The grave war danger in Syria is the direct product of a nearly decade-long proxy war for regime change waged since 2011 by the imperialist powers in Syria, backed by the Erdoğan government. The 2011 NATO war in Libya and the subsequent arming of Islamist militias against the Assad regime were the imperialist powers’ response to revolutionary uprisings in the working class that toppled imperialist-backed dictators in Egypt and Tunisia. Their goal was to undermine Russian and Iranian influence across the region, and to use Syria as a base for operations.

The fighting between Turkish and Syrian troops is the bloody outcome of the repeated maneuvers and strategic shifts carried out by the imperialist powers during this decade of war.

Initially, the imperialist powers led by Washington, the Persian Gulf oil sheikdoms and Turkey poured tens of thousands of Al Qaeda-linked Islamists into Syria, especially through Turkey—a process coordinated by the CIA that created the Islamic State of Iraq and Syria (ISIS), Washington’s own Frankenstein’s monster.
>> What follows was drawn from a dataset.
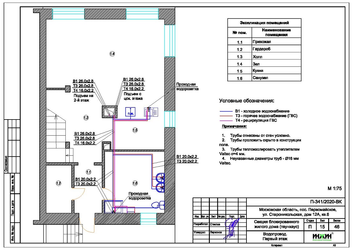 Внутренний водопровод таунхауса в пос. Первомайское (проект водоснабжения).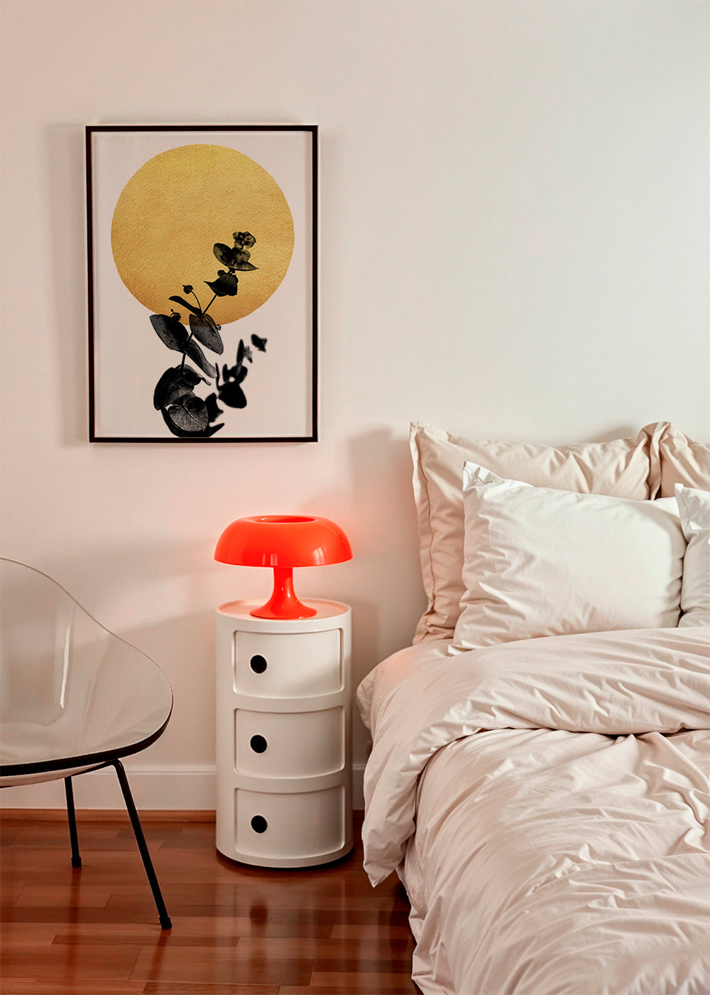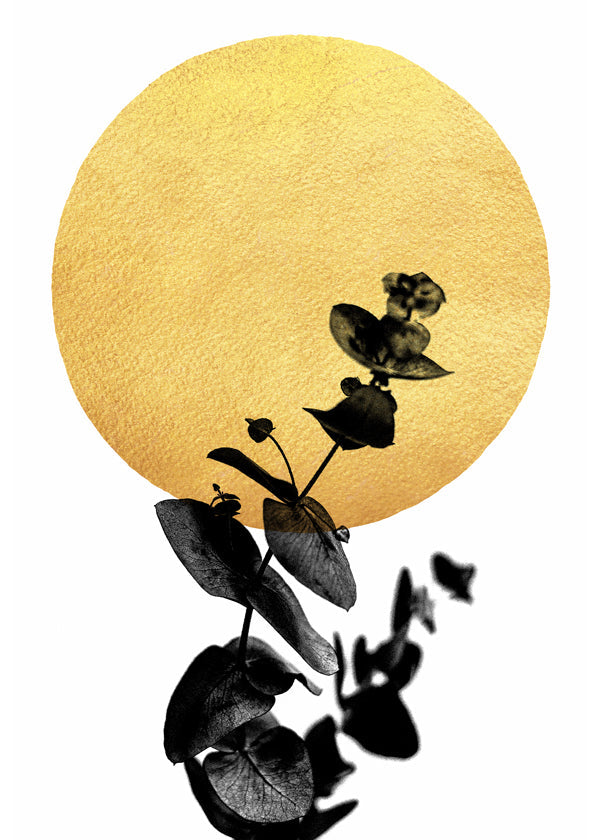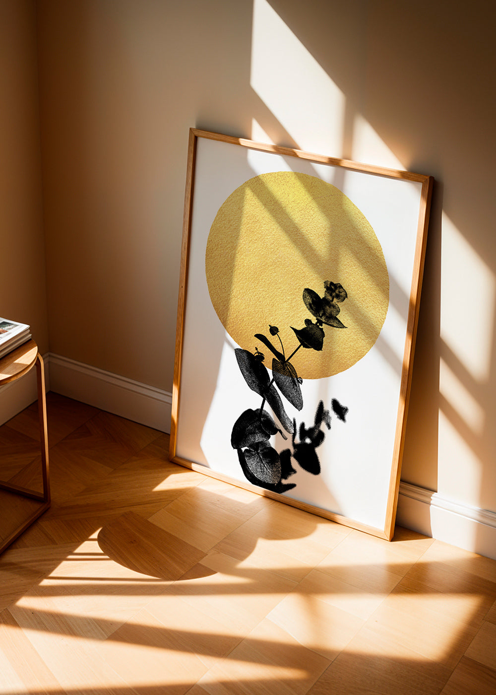 Aquí tienes una ilustración abstracta con tonos amarillos, blancos y negros. En ella se representa el sol y una planta, y es obra del artista Kubistik.

In 2014, after ISIS invaded Iraq from Syria, threatening Washington’s Iraqi puppet state, the NATO powers launched a renewed intervention in Iraq and Syria in a so-called “war against ISIS.”

With their Islamist allies in Syria divided and defeated, the imperialist powers made the Kurdish-nationalist People’s Protection Units (YPG) militia their main proxy force inside Syria. However, Ankara saw the YPG, linked to the Kurdistan Workers Party (PKK), against which Ankara has fought a bloody counterinsurgency in southeast Turkey for the last 35 years, as a fundamental threat to Turkey’s territorial integrity. Erdoğan moved closer to Moscow against the YPG, leading to the US- and German-backed coup attempt in July 2016 and to repeated Turkish incursions against the Kurdish forces in northern Syria.
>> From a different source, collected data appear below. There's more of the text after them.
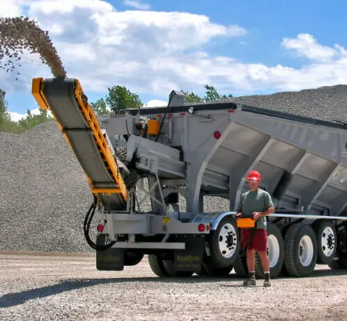 Our patented interior load suspension beam breaks up clumps, bridges and even frozen chunks of material in your load. That means you can deliver and place stone, sand, aggregate, mulch, topsoil and much more, at any time of year.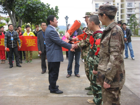 高职学院院长刘宝臣亲手为新兵送上鲜花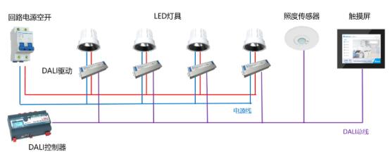 DALI智能照明可实现每盏灯具的调光,同时可以实现任意组合区域的灯具控制,后期可以自由组合回路,不需要更改现场硬件。向上可通过OPC、BACnet/IP、LON-IP852等网络协议直接接入上层监控网络或者第三方平台实现整合。采用这种方式可使得照明控制架构更为简洁,且数字信号不易受干扰,DALI信号不分极性,可以与强电共管,施工布线更加方便。

Last year, Washington abandoned its Kurdish proxies in northern Syria, after which both Turkish and Syrian regime forces invaded the area. As the World Socialist Web Site warned at the time, “As the Syrian army backed by Iran marches north to meet Turkish invasion forces and their Al Qaeda-linked Syrian ‘rebel’ allies, the Middle East and the world are on the brink of all-out war. … Turkey has plunged into the maelstrom produced by three decades of imperialist war in the Middle East.”
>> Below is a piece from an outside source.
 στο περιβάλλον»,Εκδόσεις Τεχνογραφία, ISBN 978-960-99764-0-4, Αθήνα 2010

While Moscow negotiated an unstable truce between Turkish and Syrian government forces in the region last year, this truce is now on the verge of collapse—notably as tensions surge between Turkey and Russia in Libya, where they are backing rival sides of the civil war triggered by the 2011 NATO war.

Above all, Washington is still escalating tensions in Syria as it threatens Iran with a region-wide war. It continues to occupy the oil and gas fields of Syria’s northeastern Deir Ezzor province with its YPG proxies and has inflamed tensions throughout the region with its drone murder of Iranian General Qassem Suleimani on January 3 in Baghdad. These policies, part of a large-scale preparation for “great power” conflict with Russia and China across the Middle East are bringing the world to the brink of all-out war between nuclear-armed powers.